The Judge invites practitioners in reading his Judgment to ask themselves:


  1. Is it right that this mother should not have been offered therapy, bearing in mind that her last child was born three years ago and was himself the subject of lengthy proceedings?
  2. If she had been offered therapy at an early stage, is there not at least a possibility that the outcome of these proceedings might have been different?
  3. Even if the outcome would not have been different, would not an attempt at therapy make these proceedings more satisfactory?
  4. Has the money that has been spent on issuing these proceedings (£2055 is the cost of issuing a care application) and on psychological evidence (over £2000.00) well spent when the expenditure is incurred before attempts at therapeutic support have been made in cases of this nature.

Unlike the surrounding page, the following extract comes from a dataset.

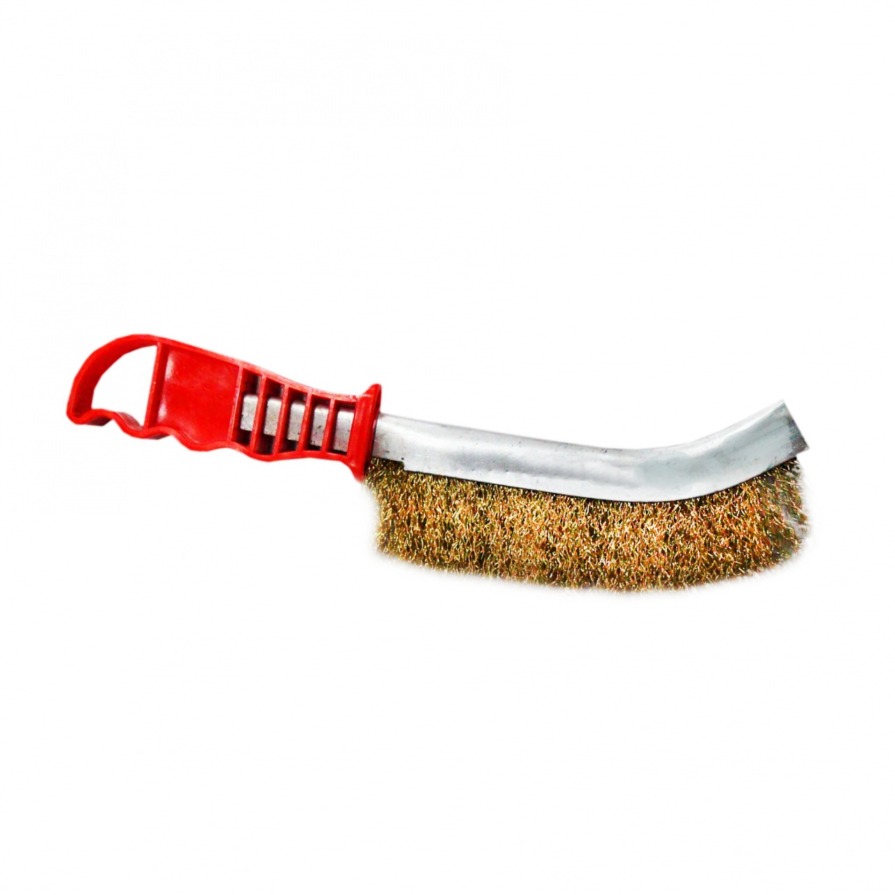 Латунная щетка по металлу с пластмассовой ручкой предназначена для снятия старой краски, налета и ржавчины. Это компактное, практичное средство для быстрой и грубой обработки мелких металлических предметов, их очистки от шлаков и подготовке к полировке. Высота металлического ворса 30 мм.

In concluding, HHJ Wildblood QC reiterates his previous comments from a former reported matter:


This case is another example of how important it is that, if therapy is needed, it is obtained at an early stage. Time and time again I see a process whereby the following occurs: a) a Local Authority intervenes and begins making assessment of a family; b) months later proceedings are issued; c) an order is made for some form of expert evidence to be produced (often a psychological report); d) months later the psychological report is obtained which says, invariably and utterly foreseeably, that someone within the family needs therapy and e) it is stated that, by then, the beneficial effect of therapy would be ‘out with the timescales for the child’. In this case, for instance, it would have been perfectly obvious to all that, when the mother was referred before birth, she was a prime candidate for therapy. If therapy were to be obtained at an early stage such as that there is at least a prospect that outcomes in some cases might be different. I have therefore already set up arrangements in the New Year to look very carefully at how we facilitate and access therapy in this area, with a view to doing my utmost to encourage much earlier therapeutic intervention if possible. I ask for as much help as possible with that endeavor’.